# Our Last Classic Foal is here



## Belinda (May 12, 2008)

[SIZE=12pt]"CROSS COUNTRY HOLD ON TIGHT TO YOUR DREAM"[/SIZE]

His name says it all !! He is a super little guy with a baby doll head and so much refinement.. His sire is Bright Day . He is still a big Moma's boy , but will try and get some more in a few days..


----------



## crponies (May 13, 2008)

What a beautiful boy!


----------



## txminipinto (May 13, 2008)

Very nice Belinda!

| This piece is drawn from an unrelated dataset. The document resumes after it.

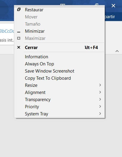 De cette façon, pour accéder au menu SmartSystemMenu, il suffit de cliquer avec le bouton droit de la souris sur la barre des tâches d’une fenêtre d’application que nous avons ouverte. Ici, un total de neuf options apparaîtront qui n’étaient pas auparavant. Parmi ceux-ci, nous en trouvons un pour prendre une capture d’écran de la fenêtre, copier le texte dans le presse-papiers, redimensionner, aligner ou faire une transparence , entre autres. Alors que la première nous montre les détails de la fenêtre courante, la seconde la rend visible à tout moment, ce qui peut être très utile dans certains cas.

But where's his color?


----------



## MBhorses (May 13, 2008)

very prett boy.


----------



## Lisa Strass (May 13, 2008)

Congratulations on a great crop of Bright babies this year!


----------



## Leeana (May 13, 2008)

He is to cool and i love that name


----------



## maranatha minis (May 13, 2008)

Nice baby Belinda!!!


----------



## ponyexpress (May 14, 2008)

Lovely Colt, and cool name ...


----------



## hairicane (May 17, 2008)

Congrats, he is lovely!


----------



## River Wood (May 22, 2008)

Pretty baby!!



Congrats


----------



## Sue S (May 27, 2008)

Very handsome boy, CONGRATS!


----------